[WORK INSTRUCTION]
Copy out the data in full and exactly, passing over the pictures.
_ _ _
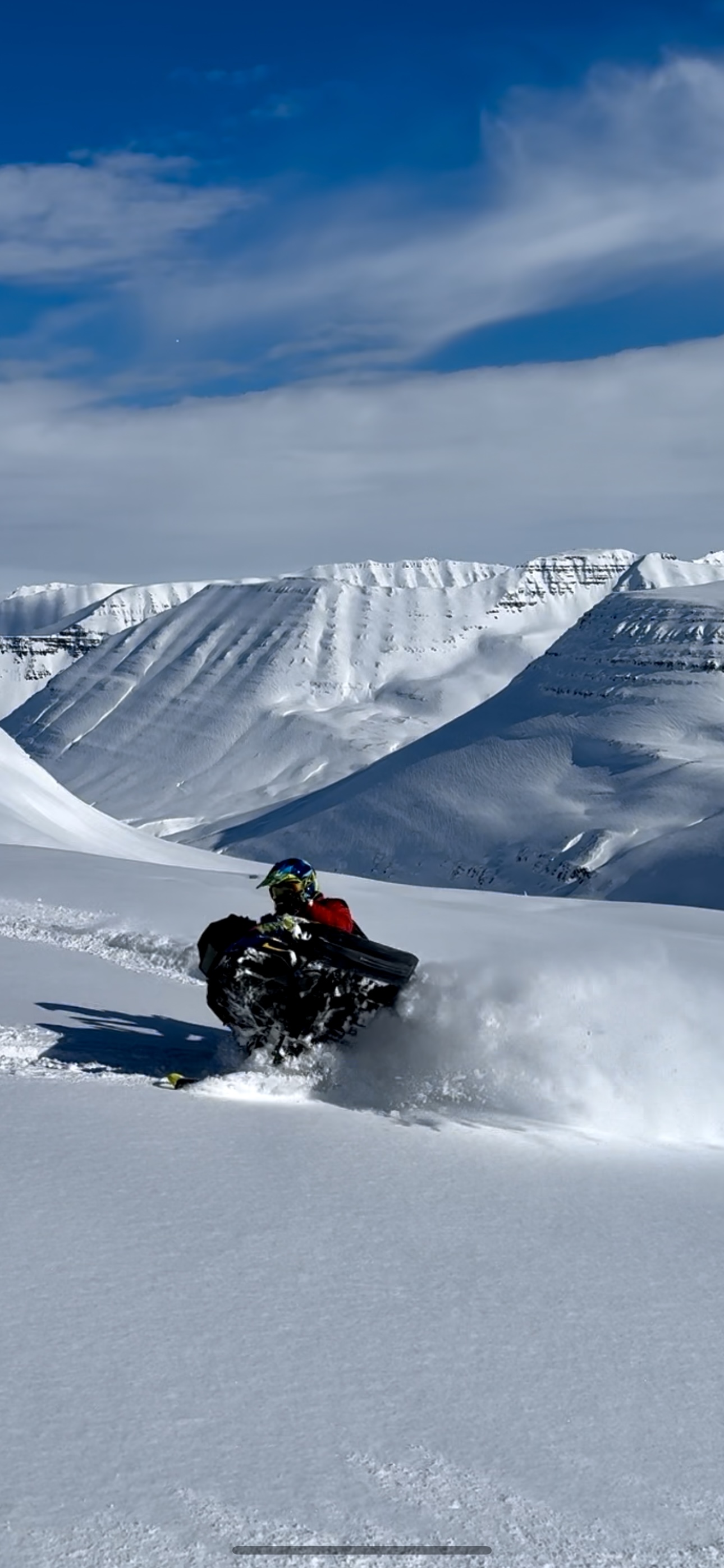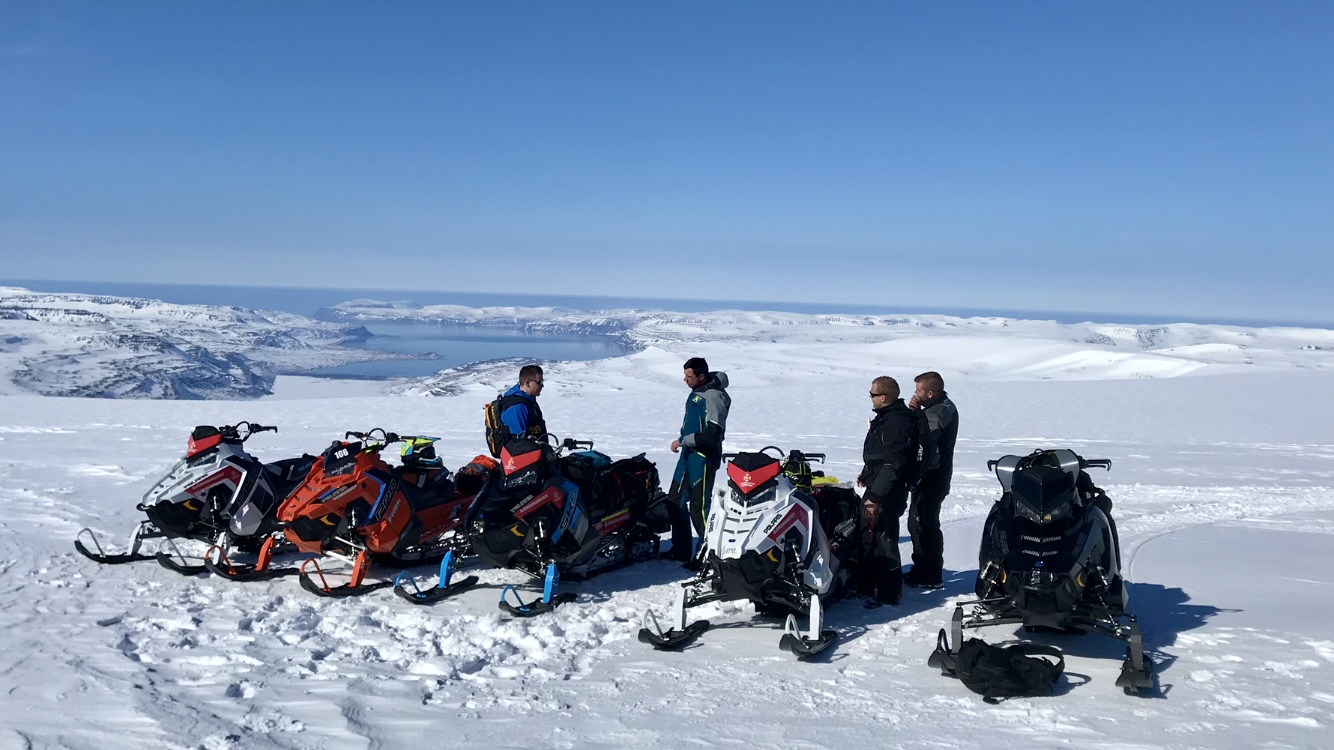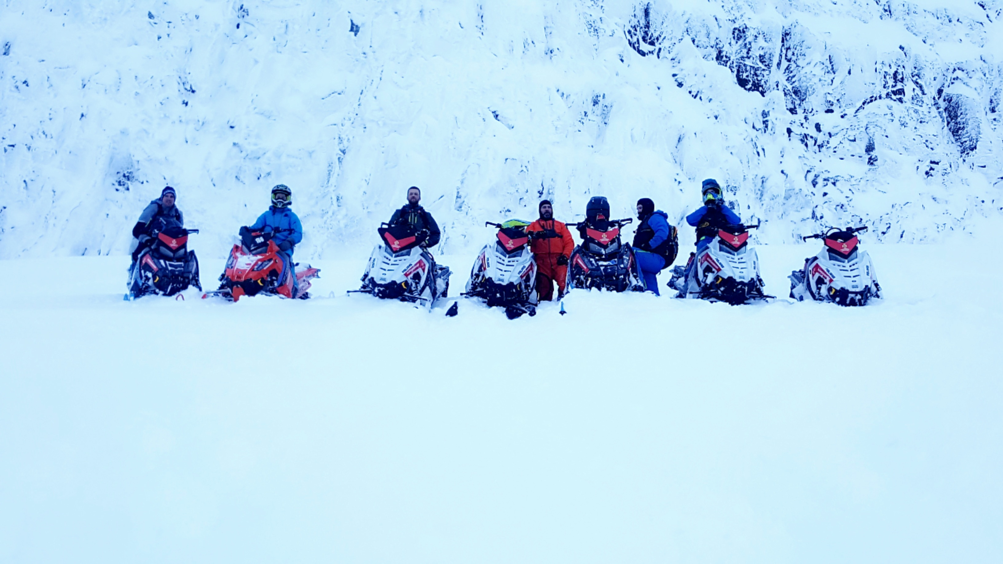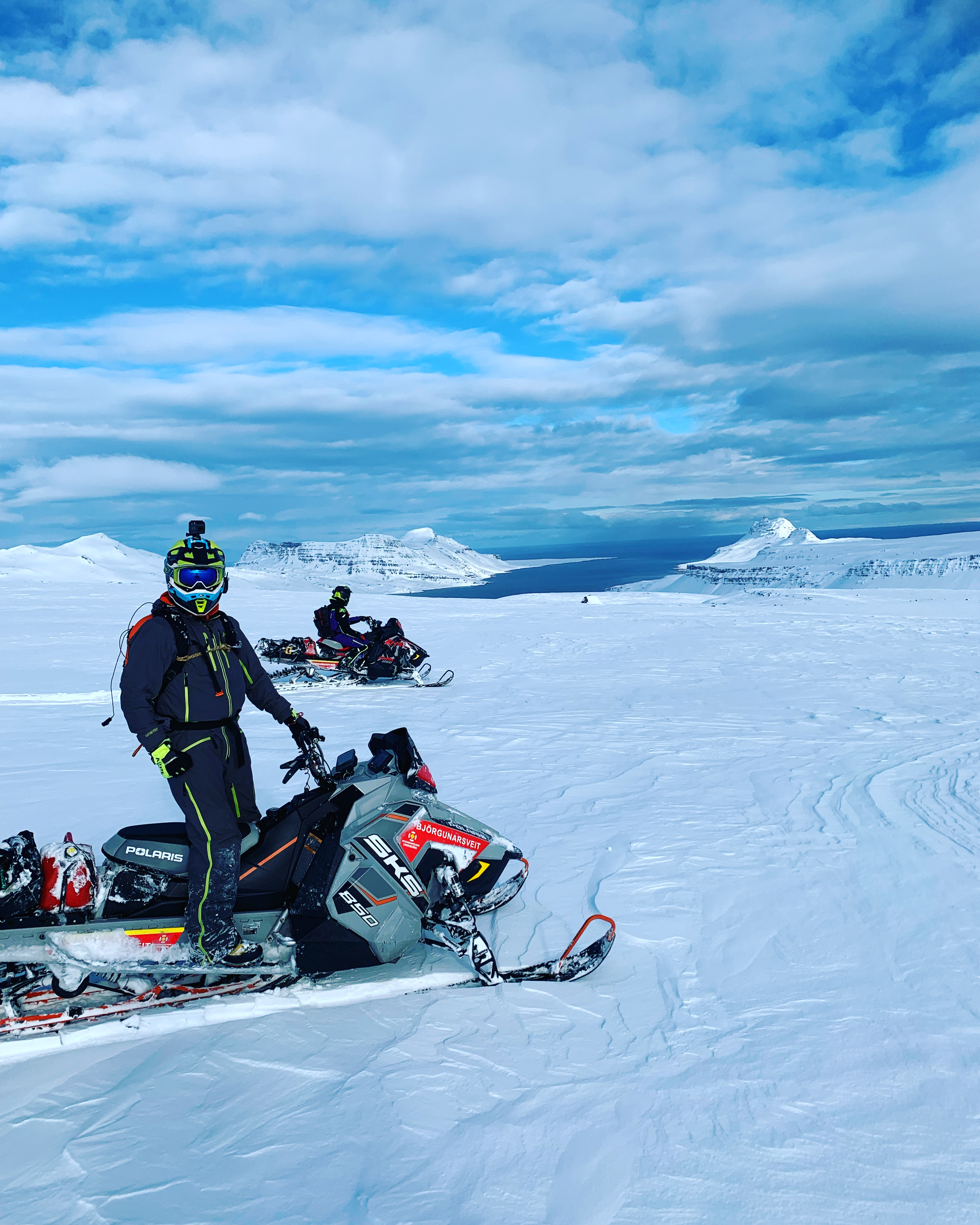 Tetra talstöð fyrir hvern sleða, heilgalli - ysta lag, lambhúshetta, ullarnærföt, miðlag - flísbuxur / peysa, ullarpeysa, góðir sokkar / ull, 2 pör vettlingar, poki með auka fötum, vélsleðahjálmur, 2 x gleraugu á hjálm, hjálmaljós, snjóflóðaýlir, snjóflóðabakpoki, snjóflóðastöng, skófla
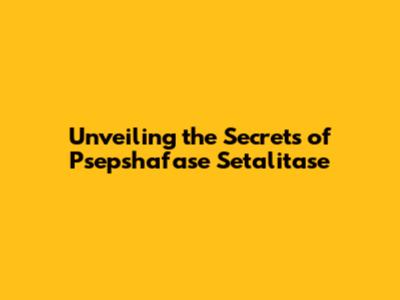 Diving Deeper: Unraveling the Mystery of Psepshafase Setalitase
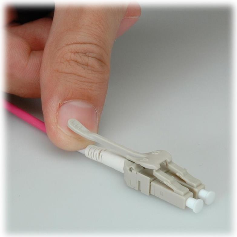Der LC-Stecker mit seinem kleinen Querschnitt erlaubt hohe Dichten im Verteilerbereich. Überall, wo es zu solch hohen Dichten kommt, wird es schwierig, nahe genug an den Stecker zu kommen, damit man sicher und sauber patchen kann. Nun bieten wir die Lösung für dieses Problem! Die Stecker der neuen Data-Center-Kabel sind so konstruiert, dass ein Administrator nicht mehr an das eigentliche Steckergehäuse greifen muss, vielmehr einige Zentimeter vom Patchpanel entfernt die Verriegelung des Steckers lösen und so das Kabel problemlos abziehen kann.Hauptmerkmale
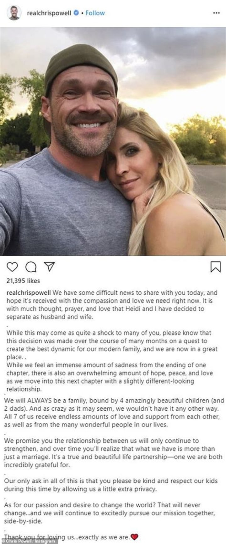 “We have a troublesome news to impart to you today and trust it’s gotten with the sympathy and love we want at the present time. It is with much thought, petition, and love that Heidi and I have chosen to separate as a couple.”
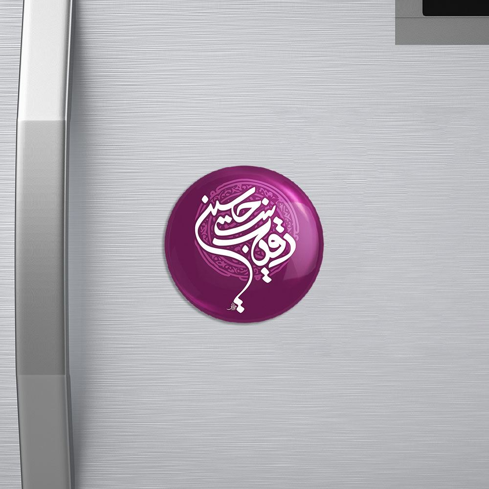 مگنت محرم رقیه بنت حسین خندالو با روکش سلفون مات مخملی ضدخش و قطعه پشتی فلزی تولید شده است که آهنربای اتمی بکار برده شده در محصول، بصورت مخفی تعبیه شده ودیده نمی شود. ضمن اینکه گیرایی بسیار بالایی داشته و به هیچ عنوان از روی یخچال نمی افتد.
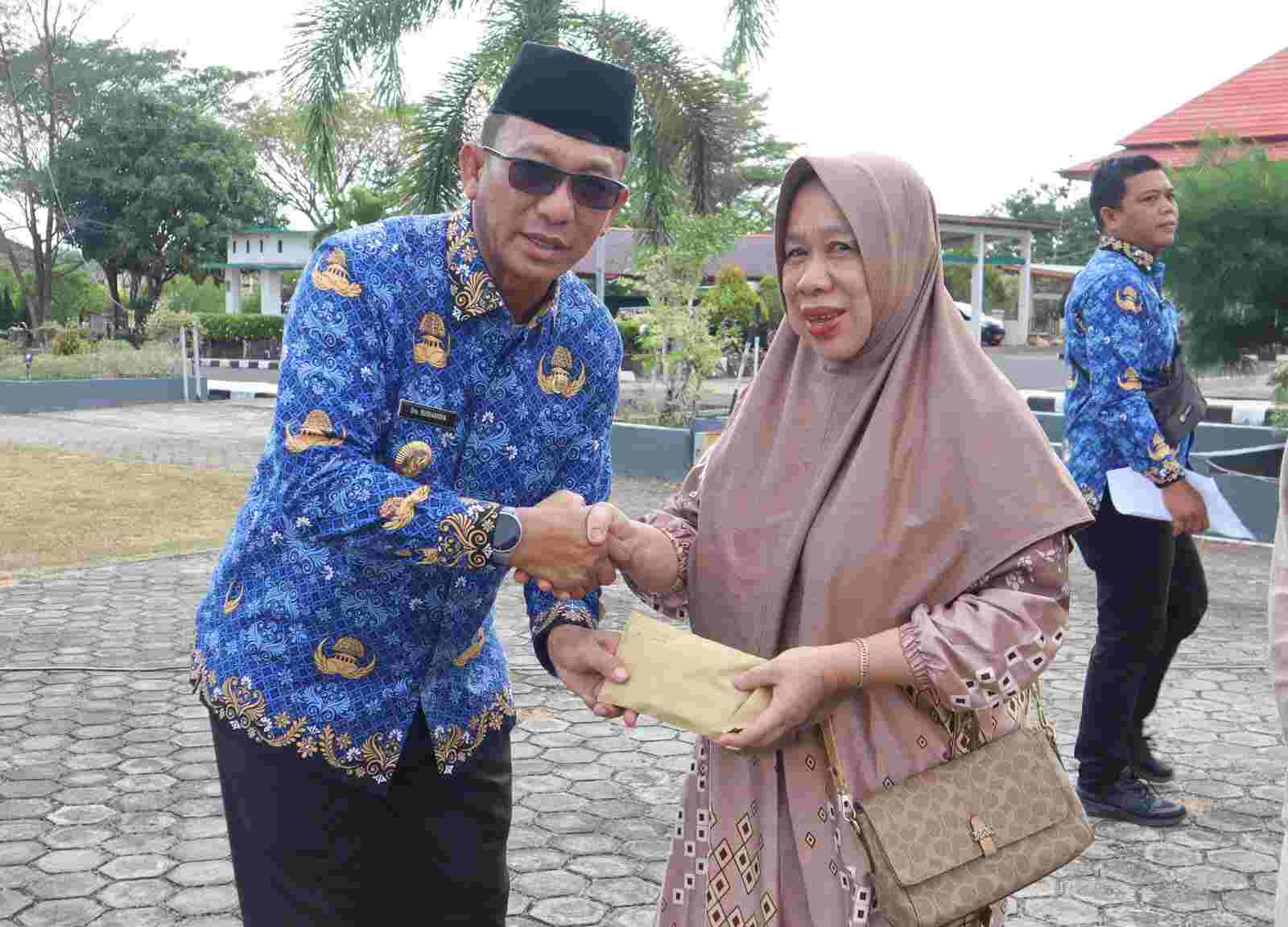 Santunan diserahkan langsung oleh Ketua KORPRI dan sejumlah pejabat di lingkungan Pemkab Beltim usai Apel Bulanan KORPRI di Halaman Kantor Bupati, Rabu (18/10/2023).
_ _ _
[OUTPUT FOR THIS TASK]
 Tetra talstöð fyrir hvern sleða, heilgalli - ysta lag, lambhúshetta, ullarnærföt, miðlag - flísbuxur / peysa, ullarpeysa, góðir sokkar / ull, 2 pör vettlingar, poki með auka fötum, vélsleðahjálmur, 2 x gleraugu á hjálm, hjálmaljós, snjóflóðaýlir, snjóflóðabakpoki, snjóflóðastöng, skófla
 Diving Deeper: Unraveling the Mystery of Psepshafase Setalitase
Der LC-Stecker mit seinem kleinen Querschnitt erlaubt hohe Dichten im Verteilerbereich. Überall, wo es zu solch hohen Dichten kommt, wird es schwierig, nahe genug an den Stecker zu kommen, damit man sicher und sauber patchen kann. Nun bieten wir die Lösung für dieses Problem! Die Stecker der neuen Data-Center-Kabel sind so konstruiert, dass ein Administrator nicht mehr an das eigentliche Steckergehäuse greifen muss, vielmehr einige Zentimeter vom Patchpanel entfernt die Verriegelung des Steckers lösen und so das Kabel problemlos abziehen kann.Hauptmerkmale
 “We have a troublesome news to impart to you today and trust it’s gotten with the sympathy and love we want at the present time. It is with much thought, petition, and love that Heidi and I have chosen to separate as a couple.”
 مگنت محرم رقیه بنت حسین خندالو با روکش سلفون مات مخملی ضدخش و قطعه پشتی فلزی تولید شده است که آهنربای اتمی بکار برده شده در محصول، بصورت مخفی تعبیه شده ودیده نمی شود. ضمن اینکه گیرایی بسیار بالایی داشته و به هیچ عنوان از روی یخچال نمی افتد.
 Santunan diserahkan langsung oleh Ketua KORPRI dan sejumlah pejabat di lingkungan Pemkab Beltim usai Apel Bulanan KORPRI di Halaman Kantor Bupati, Rabu (18/10/2023).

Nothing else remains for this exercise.